▸ **INFORMATION PROVIDED**:
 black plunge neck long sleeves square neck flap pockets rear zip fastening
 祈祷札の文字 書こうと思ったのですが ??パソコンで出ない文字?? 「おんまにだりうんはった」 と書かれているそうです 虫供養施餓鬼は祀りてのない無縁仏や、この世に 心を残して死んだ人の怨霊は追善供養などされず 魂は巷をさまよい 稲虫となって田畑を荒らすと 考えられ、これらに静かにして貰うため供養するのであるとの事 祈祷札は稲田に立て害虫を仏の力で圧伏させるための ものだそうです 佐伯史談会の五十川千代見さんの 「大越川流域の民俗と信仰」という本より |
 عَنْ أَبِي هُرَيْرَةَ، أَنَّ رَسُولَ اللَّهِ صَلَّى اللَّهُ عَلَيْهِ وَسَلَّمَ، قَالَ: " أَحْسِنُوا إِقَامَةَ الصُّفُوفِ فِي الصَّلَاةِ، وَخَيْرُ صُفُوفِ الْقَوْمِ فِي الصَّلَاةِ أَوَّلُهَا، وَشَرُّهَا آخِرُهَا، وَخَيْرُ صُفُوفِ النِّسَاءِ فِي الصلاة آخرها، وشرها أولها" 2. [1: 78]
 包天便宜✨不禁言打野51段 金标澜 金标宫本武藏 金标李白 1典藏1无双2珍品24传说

==

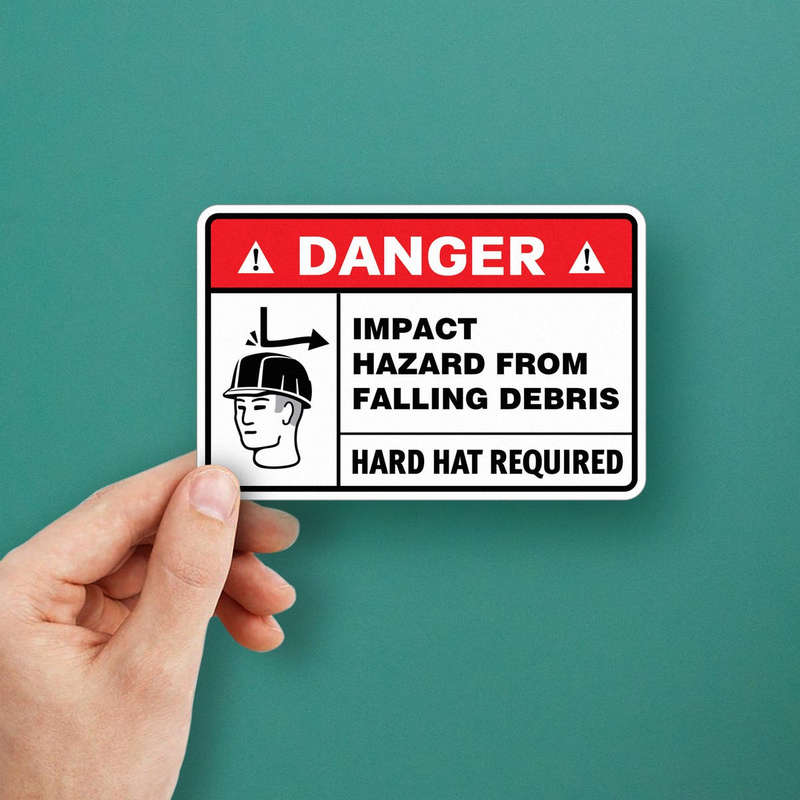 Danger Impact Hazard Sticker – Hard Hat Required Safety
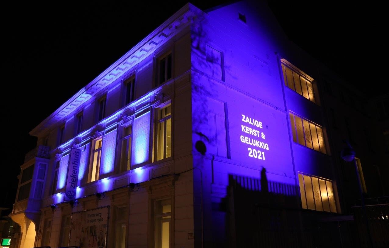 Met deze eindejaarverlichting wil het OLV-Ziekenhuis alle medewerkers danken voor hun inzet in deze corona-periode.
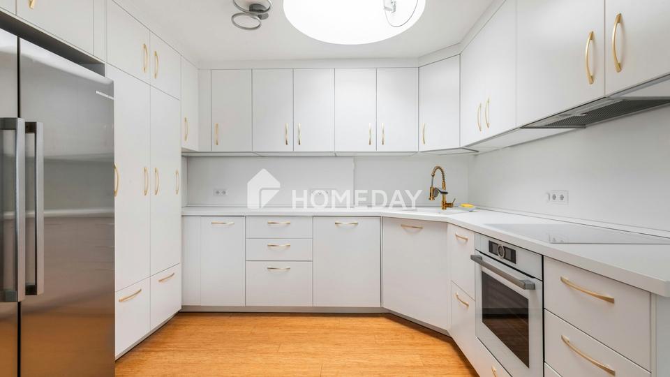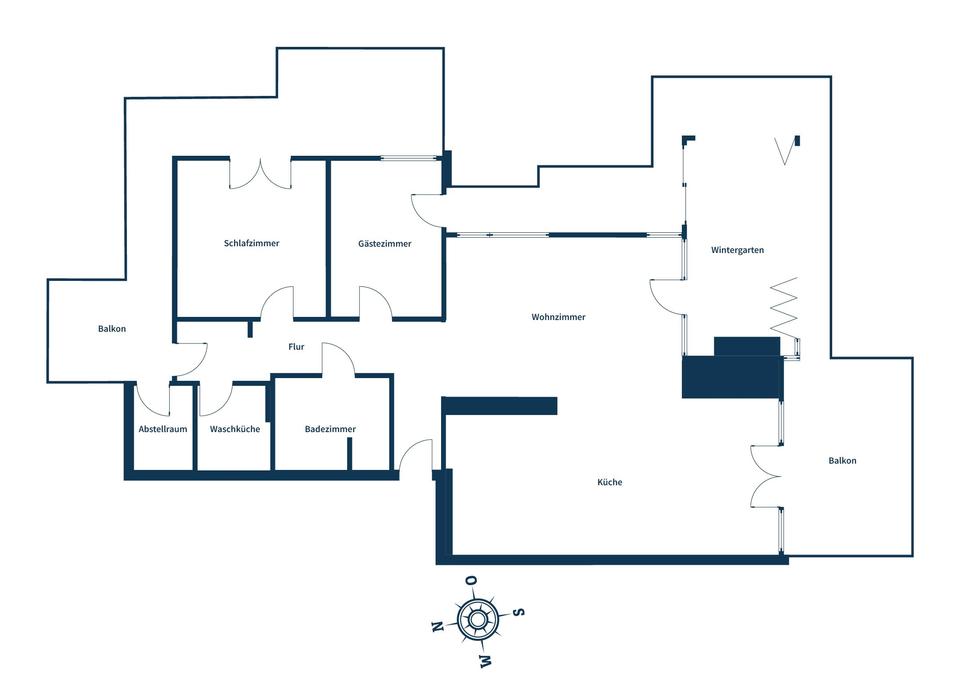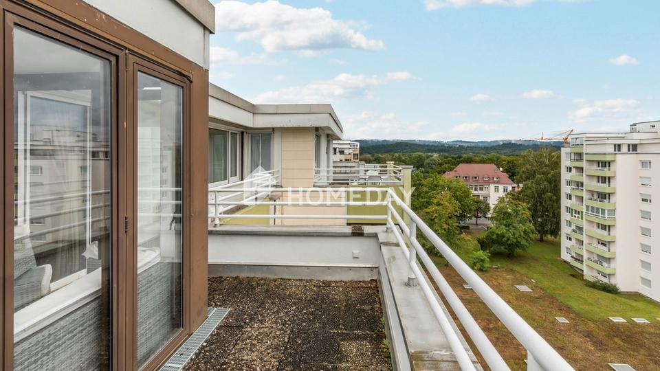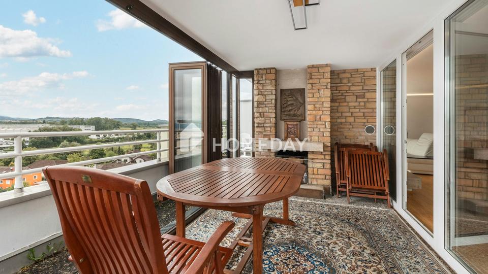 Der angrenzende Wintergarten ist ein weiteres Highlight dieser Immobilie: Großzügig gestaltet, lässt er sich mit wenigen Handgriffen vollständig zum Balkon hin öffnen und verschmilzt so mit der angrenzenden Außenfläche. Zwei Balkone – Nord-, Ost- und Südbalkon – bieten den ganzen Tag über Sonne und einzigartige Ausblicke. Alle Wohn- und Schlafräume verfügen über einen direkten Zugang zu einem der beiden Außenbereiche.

▸ **BRIEF**: Would you give again, exactly, the lines in the data above that run from the line containing "Danger Impact Hazard" to the line containing "Der angrenzende Wintergarten"? Include both ends and no pictures.

▸ **ANSWER BOX**:
 Danger Impact Hazard Sticker – Hard Hat Required Safety
 Met deze eindejaarverlichting wil het OLV-Ziekenhuis alle medewerkers danken voor hun inzet in deze corona-periode.
 Der angrenzende Wintergarten ist ein weiteres Highlight dieser Immobilie: Großzügig gestaltet, lässt er sich mit wenigen Handgriffen vollständig zum Balkon hin öffnen und verschmilzt so mit der angrenzenden Außenfläche. Zwei Balkone – Nord-, Ost- und Südbalkon – bieten den ganzen Tag über Sonne und einzigartige Ausblicke. Alle Wohn- und Schlafräume verfügen über einen direkten Zugang zu einem der beiden Außenbereiche.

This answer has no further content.